—Pero bueno, ¿qué es toda esta multitud? —interrumpió Marc. Se echó el paño con el que se secaba las manos sobre el hombro y miró a Caleb—. Ha debido costarte un gran esfuerzo venir.
Mio reconoció a través del autocontrol de Caleb que no se tensaba de milagro.
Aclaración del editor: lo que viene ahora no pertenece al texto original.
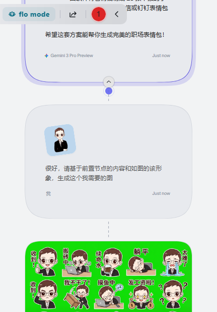 2. 再把这段描述接到下一个节点,用 Nano Pro 直接出图(5×5 网格)。这样下来的工作流模式,能让表情包细节更稳定、动作更丰富,而且出来的成品能更有微信表情包那味儿。
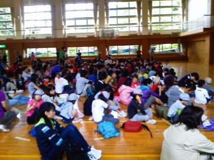いよいよ宿舎とお別れ。閉園式もしっかりできました。学園を出発しましたが、天候が良くないので見学と昼食場所が富士山レ−ダードームとアリーナに変わります。

—¿Y eso por qué? —preguntó el moreno.
—Oh, por nada. Sé que eres un hombre ocupado —concretó Marc.
No le sacaba los ojos de encima a su rival.
Mio sabía muy bien de dónde salían esas miradas despectivas el uno al otro. Caleb, celos. Marc, recochineo por haberse quedado a la chica. Sabía poco al respecto, puesto que durante la época en que Aiko y Marc empezaron, se preocupó más por la salud de su hermana que de cómo se sintiera Cal respecto a la relación, pero era evidente que este no podía soportar al hombre que le había levantado al amor de su vida. Mio entendía sus sentimientos, aunque tampoco estaba de su parte. Era la vida de su hermana, podía hacer lo que quisiera. Caleb debía rehacer la suya. A poder ser, con ella.
«Mio, por favor».
—¿A qué esperáis para venir a comer? —exclamó Aiko II desde la terraza—. ¡La mesa lleva preparada media hora!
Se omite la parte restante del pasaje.